BEGIN Data extracts
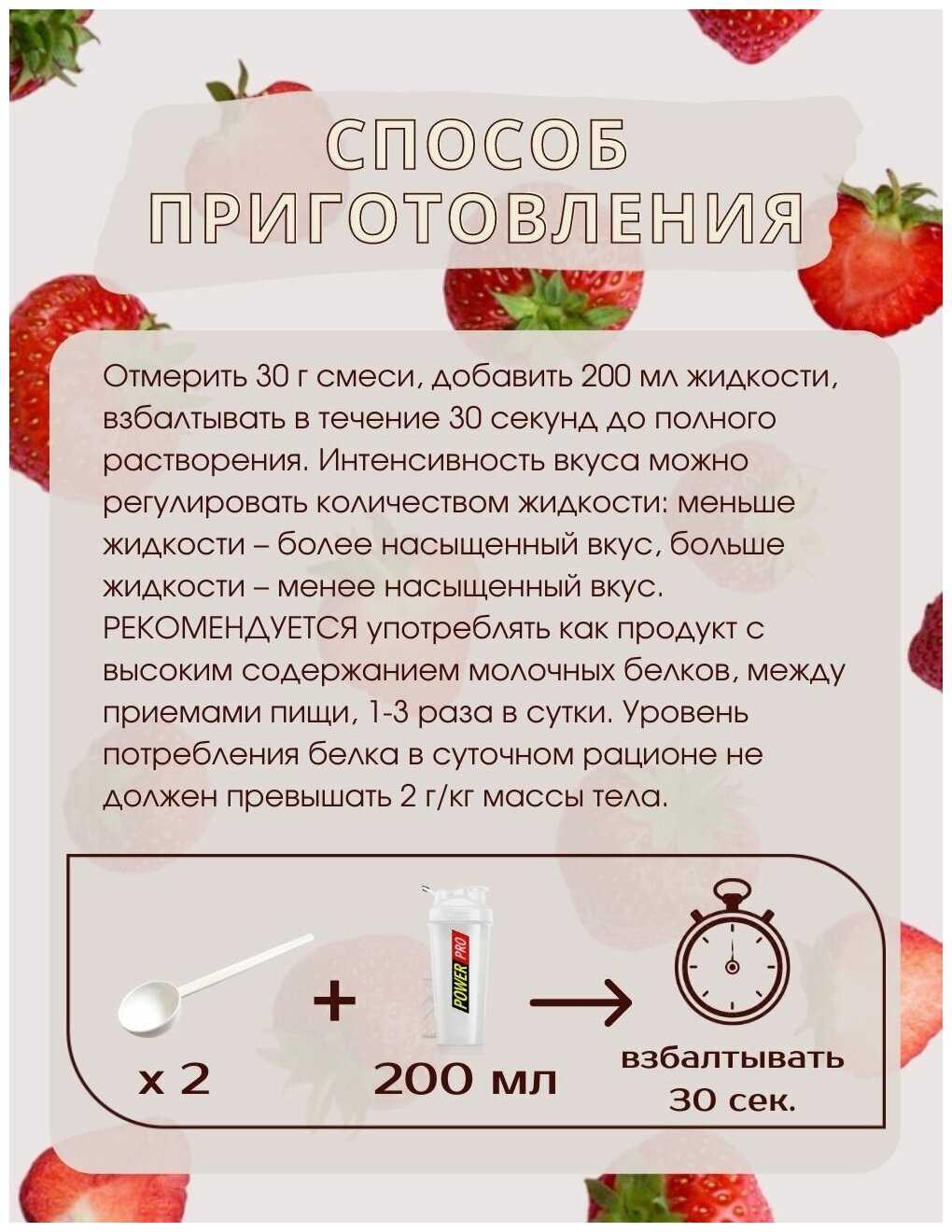 | Дополнительная информация : | Пищевая ценность в 30 г (порция): Энергетическая ценность 113 ккал Белки 20 г Жиры 1, 5 г Углеводы 4, 2 г Пищевые волокна 1, 5 г Бромелайн 0, 3 г Ингредиенты: концентрат сывороточного белка, растворимые волокна кукурузы, сублимированная клубника, натуральный ароматизатор, экстракт ананаса (бромелайн), подсластитель — сукралоза, натуральный краситель – кармин. |
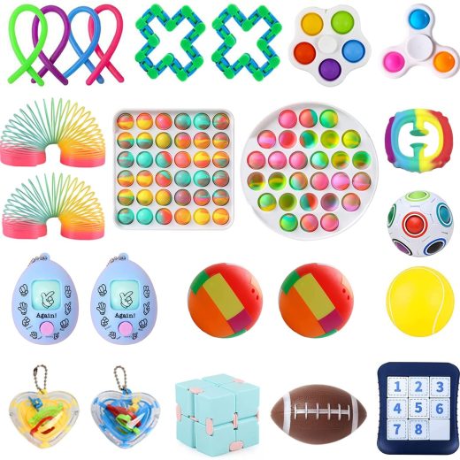 Fidget sensory toys help relieve stress, calm nerves and increase focus for children and adults, especially those with ADHD, ADD, OCD and autism.Ideal for parties, holidays, classrooms or use as office toys. The toys keep you alert and focused throughout the day and help to develop new ideas.A variety of toys can effectively attract childrens attention and exercise sensitivity, expand thinking and cultivate creativity. Works to pass the time and control kids with tantrums and boredom while they are staying indoors.Anxiety reliever toy for adults. It helps adults release and relieve stress. Or pass the time boringly. And enhance the attention of adults. It helps redirect unconscious habits such as leg shaking, knuckle cracking, nail-biting, hair twirling, etc. Its a fun way to keep the brain focused and the hands busy.A variety of toys can effectively attract attention and exercise sensitivity, expand thinking and cultivate creativity. It can also foster your kids sense of space and enhance a childs memory by playing the magic cube, puzzle ball, or maze puzzle.You can bring it anywhere and put it in your pocket. These amazing gifts are very portable and can be played anywhere and taken to schools, offices, restaurants, tutoring, camping, road trips, and even hospitals.You get:This set has 24 Piece of sensory toys in total.Includes 2 * Wacky Track 1*Squeeze Football 1* Magic Cube 4* Stretchy Strings 2* Fidget Spinners 2*Puzzle Balls 1*Snapper Fidget Toys 2*Pop Bubble Sensory Fidget Toy 1*Digital Huarong Road 2*Rainbow circle 2*Scissors Egg Toy 2*Heart-shaped maze1 x Basketball foam ball1 x Rugby foam ball
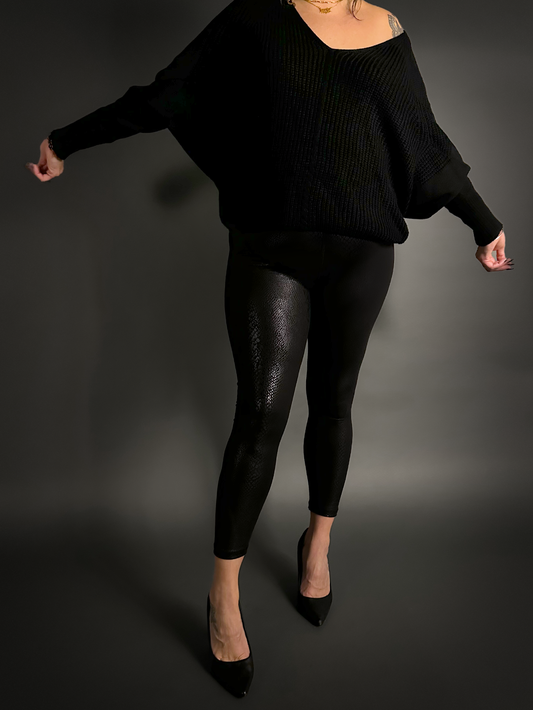 S-3XL/3XOversized Dolman Batwing Sleeve Sweater with Drop V-Neck in Black
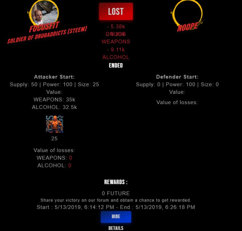 Congratulations @noope ! Your fight received an upvote of 2.1% from the King Dealer as incentive for your activity and as a gratitude for your support to the game.
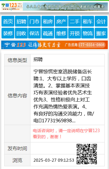 宁晋惊慌密室逃脱储备店长聘:1、大专以上学历,口齿清楚。2、掌握基本表演技巧有表演经验者优先艺术生优先3、性格积极向上对工作充满热情热爱表演。4、有良好的沟通交流能力,微/电17731969898 【电话咨询时,请一定说明在宁晋123看到的,谢谢!】 |
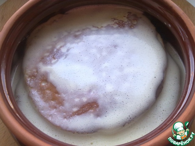 На дно глиняного горшочка выкладываем слой блинов и поливаем их частью заварного крема.
END Data extracts
• Task directions
Please copy, exactly and only, the lines of the listing that run from the one holding "Congratulations @noope !" through its last line, and exclude pictures.

• Problem solution
 Congratulations @noope ! Your fight received an upvote of 2.1% from the King Dealer as incentive for your activity and as a gratitude for your support to the game.
 宁晋惊慌密室逃脱储备店长聘:1、大专以上学历,口齿清楚。2、掌握基本表演技巧有表演经验者优先艺术生优先3、性格积极向上对工作充满热情热爱表演。4、有良好的沟通交流能力,微/电17731969898 【电话咨询时,请一定说明在宁晋123看到的,谢谢!】 |
 На дно глиняного горшочка выкладываем слой блинов и поливаем их частью заварного крема.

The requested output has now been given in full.